Factors affecting the gamma interferon test in the detection of bovine tuberculosis in cattle

The gamma interferon (IFN-γ) test used in the detection of tuberculosis in cattle was developed in the early 1990s. ¹⁵ Subsequently, there has been widespread use of this test as an ancillary procedure to intradermal skin testing. New Zealand was the first country to use the IFN-γ test as a routine procedure in a bovine tuberculosis control program. ⁸ Validation studies were carried out in New Zealand to determine how best this test could be adapted to meet the local conditions, including the transport of samples to a central laboratory and the use of the caudal fold skin test. ¹² The major modification to the test was to process blood samples up to 30 h postcollection, enabling the use of overnight courier services for the forwarding of samples to a central laboratory. In response to a concern that prior skin testing could affect the responses to the IFN-γ test, routine testing was restricted to 8 d following caudal fold skin testing. This condition was based on limited studies ¹¹ that found inhibition of responses immediately following skin testing. Further studies have cast doubt on the effects of skin testing on IFN-γ responses. ¹⁴ A confounding factor was whether cattle were tested with the comparative cervical skin test, which used bovine and avian purified protein derivatives (PPDs), or the caudal fold test, which used only bovine PPD. In a 2010 review, ¹⁴ a need was identified for further studies investigating the effect of skin testing on IFN-γ testing. We therefore investigated factors that could be modified to make the test more practicable, including prior skin testing and delays in the processing of blood samples. Currently, delays in overnight courier deliveries result in some samples arriving at the laboratory >30 h postcollection, which requires animals to be rebled. These effects were examined using both experimentally and naturally infected cattle.

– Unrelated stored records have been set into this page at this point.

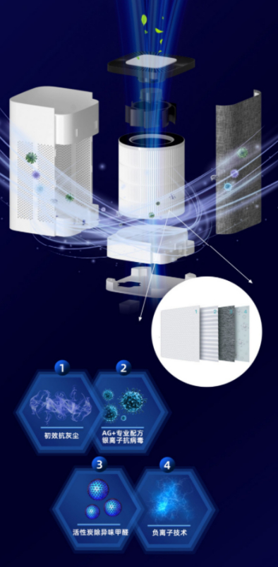 有效滤除99.9%过敏源,AG+银离子复合滤网,为敏感呼吸保驾护航
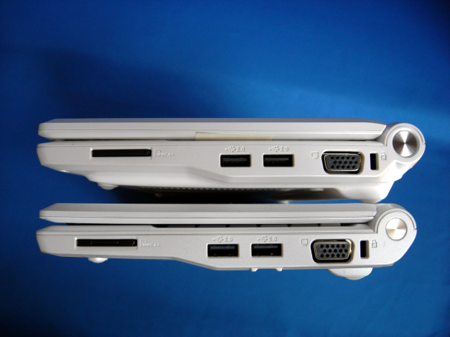 サイズ的には奥行きが少しアップした程度で、よく見ないと違いに気付かないかも。4GB版に比べ、CPUはデフォルトで900MHzだし、SSDが一気に20GBに増えているので、普通に使えるレベルになっている。
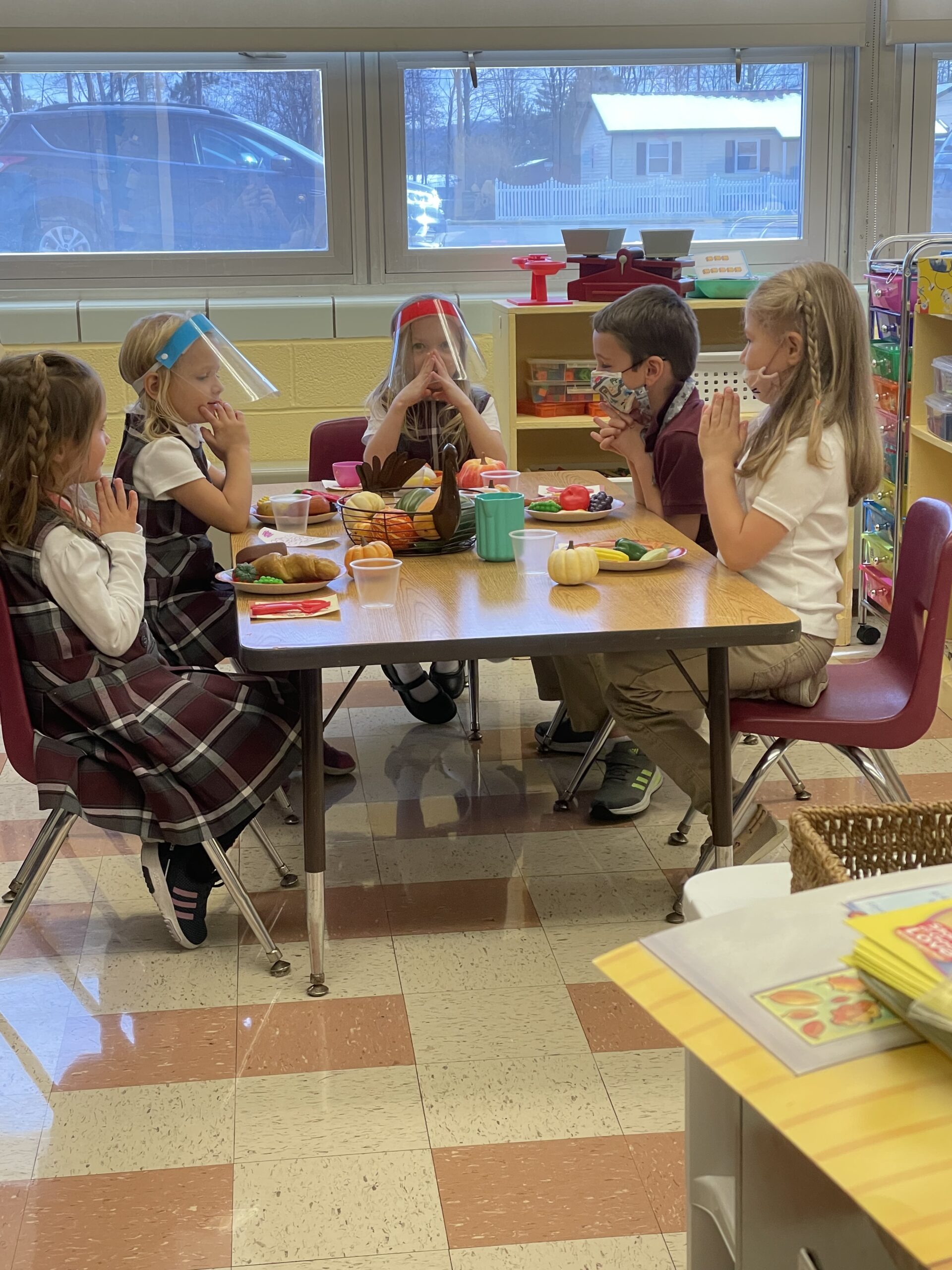 Several students in Mrs. Roberts’ Kindergarten class at St. Marys Catholic Elementary School were recently playing “Thanksgiving” during playtime. They set the table, decided on what foods to serve, and then sat down to enjoy their feast. Before they ate, one child was heard saying, “guys, we need to pray first” so they all prayed the Grace Before Meals.
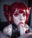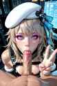 here's a prompt someone can use: candyland all around, rivers of chocolate, lolipop trees, biscuit pavement, blonde girl, cleopatra hairstyle, green eyes, wearing white lingerie and a white choker, blowjob, eyes looking up, at ejaculation she gags up... i dunno im just making shit up...
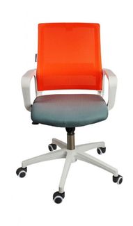 Кресло офисное Бит LB белый пластик оранжевая сетка темно серая ткань

Twenty-four 15-mo-old, Friesian-cross, female cattle were obtained from a herd that was accredited free of tuberculosis and came from areas in New Zealand where both farmed animals and wildlife were free of bovine tuberculosis. The cattle were moved to a biocontainment unit where they grazed on pasture. Twelve of the heifers were randomly selected and challenged with 5,000 colony-forming units of Mycobacterium bovis using the standard intratracheal inoculation procedure. ³ The other 12 heifers were kept in isolation as uninfected controls. The final group consisted of 16 mature Friesian dairy cattle that came from a herd known to be infected with M. bovis and had a positive caudal fold skin test. This final group was retested 15 d later using a IFN-γ test ^a with avian and bovine PPDs ^b and early secretory antigenic target protein 6/culture filtrate protein 10 (ESAT6/CFP10). ^c The heifers were then moved to a biocontainment unit where they grazed on pasture.

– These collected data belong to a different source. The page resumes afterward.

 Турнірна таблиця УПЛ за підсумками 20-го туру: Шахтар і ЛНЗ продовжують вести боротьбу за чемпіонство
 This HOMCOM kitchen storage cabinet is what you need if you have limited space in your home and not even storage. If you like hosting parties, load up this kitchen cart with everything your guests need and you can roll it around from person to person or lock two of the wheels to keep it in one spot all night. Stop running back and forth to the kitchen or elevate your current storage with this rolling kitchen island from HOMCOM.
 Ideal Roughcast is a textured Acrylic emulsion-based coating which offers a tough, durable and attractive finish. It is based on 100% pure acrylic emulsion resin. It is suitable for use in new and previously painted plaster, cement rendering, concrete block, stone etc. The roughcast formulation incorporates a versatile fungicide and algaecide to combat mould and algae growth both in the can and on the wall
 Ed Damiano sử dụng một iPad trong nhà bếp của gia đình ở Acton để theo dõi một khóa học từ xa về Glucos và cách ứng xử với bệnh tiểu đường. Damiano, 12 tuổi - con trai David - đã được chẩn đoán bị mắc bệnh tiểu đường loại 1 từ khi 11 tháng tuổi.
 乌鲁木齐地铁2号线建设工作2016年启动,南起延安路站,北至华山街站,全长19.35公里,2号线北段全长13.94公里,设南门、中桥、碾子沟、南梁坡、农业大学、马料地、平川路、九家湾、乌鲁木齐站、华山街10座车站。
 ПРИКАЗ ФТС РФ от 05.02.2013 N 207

The experimentally and naturally infected cattle kept at the containment unit were skin tested by a licensed animal technician from AsureQuality by intradermal injection of bovine PPD ^d into the caudal fold. The skin tests were read 3 d postinjection (dpi), and the changes in skin thickness were measured with calipers. Any increase in skin thickness in comparison with the opposite caudal fold was regarded as a positive response. The experimentally infected cattle were skin tested 14 wk after inoculation with M. bovis.

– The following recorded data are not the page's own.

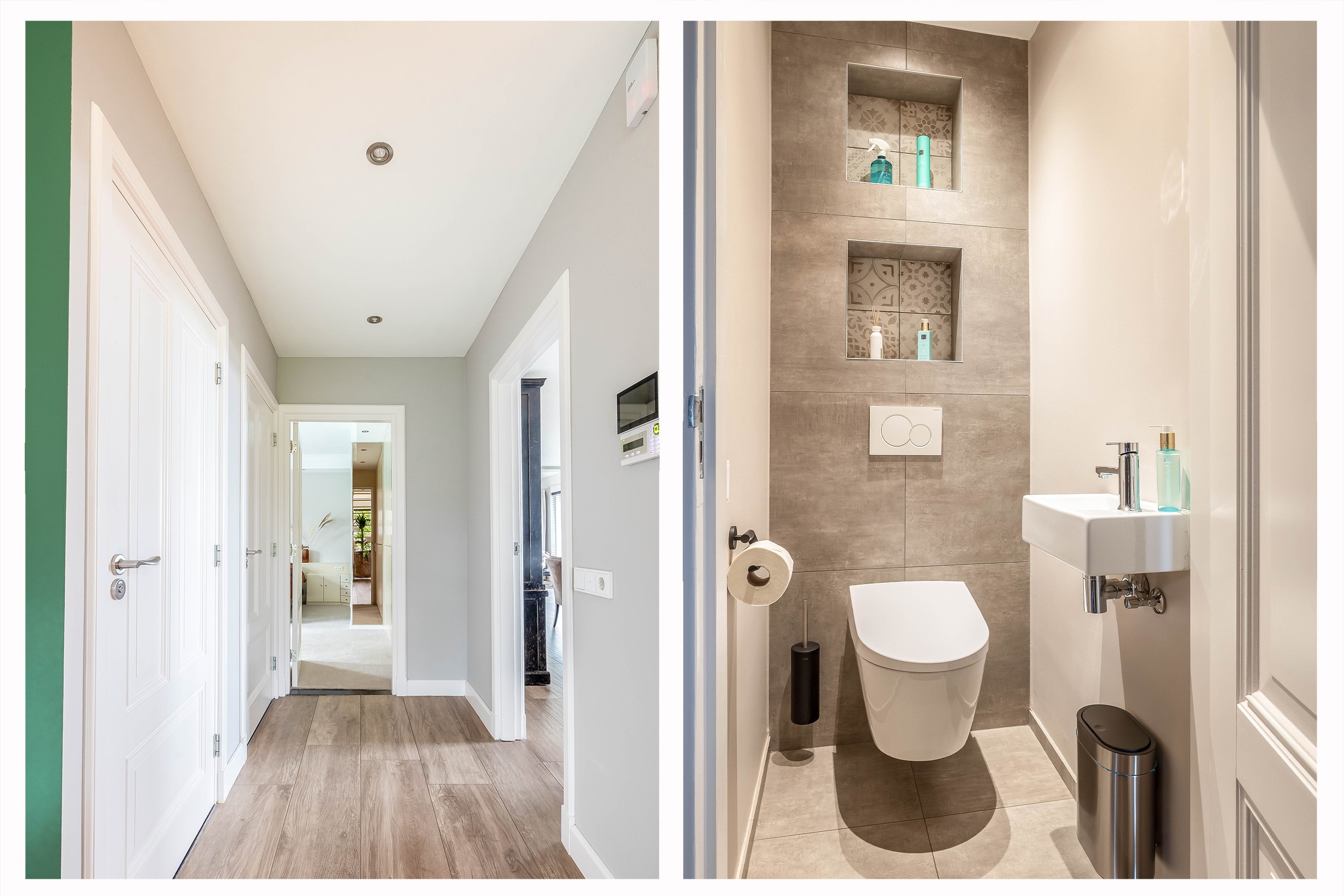 Almost the entire ground floor (excluding the bedroom and bathroom) is fitted with a ceramic tiled floor with underfloor heating. The toilet is equipped with a washbasin, and the utility room features connections for household appliances and a door leading to the garden.
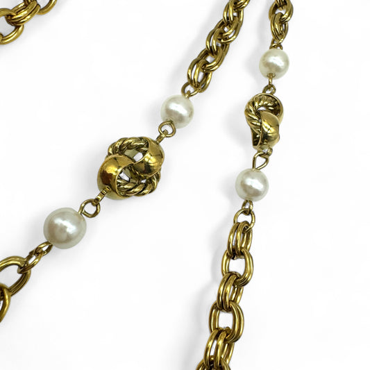 Vintage Faux Pearl and Twist Knot Double Chain Link Necklace
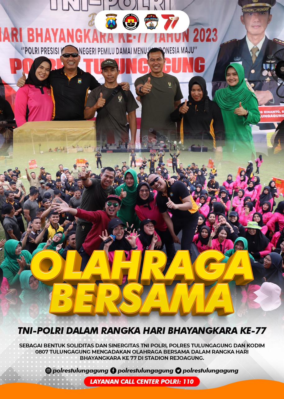 “Kegiatan Olah raga bersama ini dalam rangkaian Hari Bhayangkara ke 77, dengan harapan sinergitas TNI dan Polri dapat terus kita pupuk dan tingkatkan bersama untuk mejutkan kondusifitas dalam negeri, untuk mengawal Pemilu damai menuju Indonesia maju di Tahun 2024”, kata Kapolres Tulungagung AKBP Eko Hartanto S.I.K, M.H dalam sambutannya.
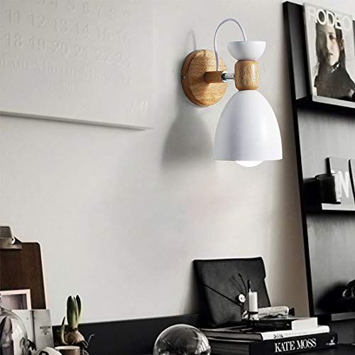 Mengjay E27 Vintage Applique da Parete Interno Retro Metallo Legno Lampada Muro Lampada da Parete Lampada Muro per Camera da Letto, Soggiorno, Bagno, Corridoio, Scale-(Bianco)
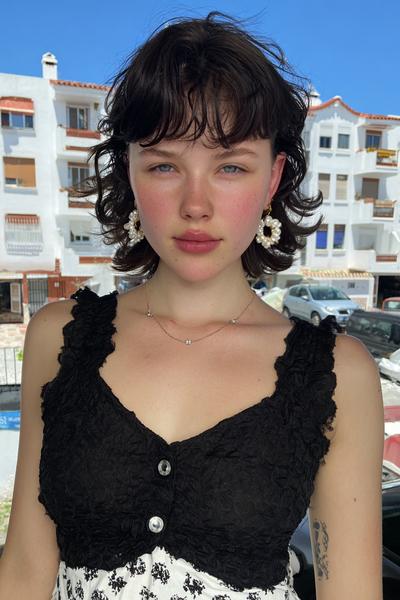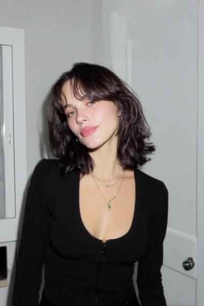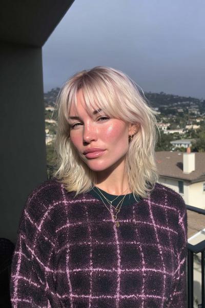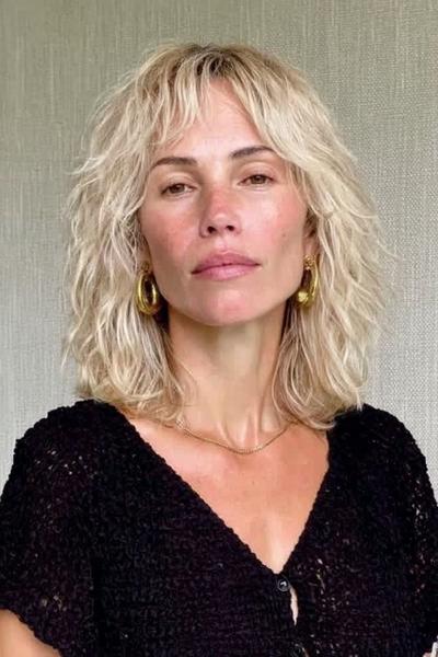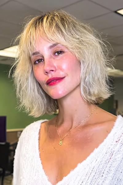 Soft gestufte Längen und ein fransiger Pony machen den Look lebendig. Ein wenig Sea-Salt-Spray, dann kneten – so entsteht diese mühelose Mittellänge mit coolem Day-After-Feel.
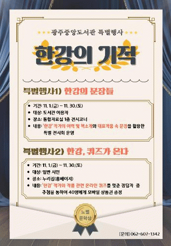 ±¤ÁÖÁß¾Óµµ¼°ü ¹®¸í¼÷ °üÀåÀº ¡°ÇѰ ÀÛ°¡ÀÇ ³ëº§¹®Çлó ¼ö»óÀ» ÅëÇØ ½Ã¹ÎµéÀÇ ¹®ÇÐÀû °ü½Éµµ°¡ ³ô¾ÆÁö±æ ±â´ëÇϸç, ÀÌ·Î½á ¡®´Ù½Ã Ã¥À¸·Î¡¯ µ¶¼±³À° ³»½ÇÈÀÇ °è±â°¡ µÇ±æ ¹Ù¶õ´Ù.¡±¶ó°í ÀüÇß´Ù.
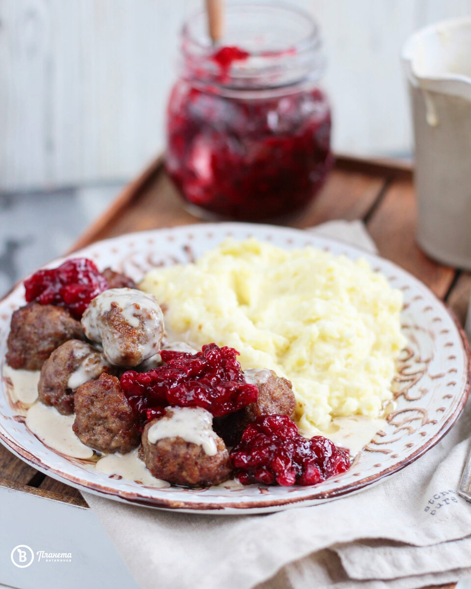 Митболы (они же фрикадельки) с брусничным джемом и сливочным соусом. Очень здорово сочетаются с ягодным джемом и сливочным соусом. Нежные, не сухие, быстро готовятся, с необходимой ягодной кислинкой и молочным элементом в виде соуса. Очень хороши! ИНГРЕДИЕНТЫ: Джем из брусники:

Heparinized blood samples were taken on the day of tuberculin injection, 3 d later when the skin test was read, and 11–19 dpi. They were tested using procedures described previously. ¹² The antigens used in the IFN-γ test were bovine and avian PPDs (22 μg/mL final concentration) and a combination of ESAT6 and CFP10 ^c (4 μg/mL final concentration). Phosphate-buffered saline was added to the blood sample for the negative control. The incubation of blood cultures was standardized to 18 h, and plasmas from the same animal were assayed for IFN-γ on the same enzyme-linked immunosorbent assay (ELISA) plate in order to eliminate any between-plate variation. Results are expressed as optical densities (OD) at 450 nm. The standard criteria used for designating positive responses were as follows: for the PPDs, bovine PPD minus avian PPD ≥0.100 OD₄₅₀ (standard interpretation) and bovine PPD minus avian PPD ≥0.04 OD₄₅₀ (modified interpretation); and ESAT6/CFP10 minus negative control ≥0.040 OD₄₅₀ (standard interpretation) for the refined antigens (https://goo.gl/cBP3lQ).

Following the investigations, the animals were slaughtered and examined for bovine tuberculosis. All animal procedures were approved by the AgResearch Grasslands Animal Ethics Committee, permit 12378. Macroscopic lesions consistent with infection with M. bovis were collected and cultured. In brief, the tissues were homogenized, decontaminated in 0.75% cetylpyridinium chloride, centrifuged, and processed for the isolation of mycobacteria as described previously. ³ Where lesions were not identified, pools of lymph nodes from the head and thorax were collected and cultured.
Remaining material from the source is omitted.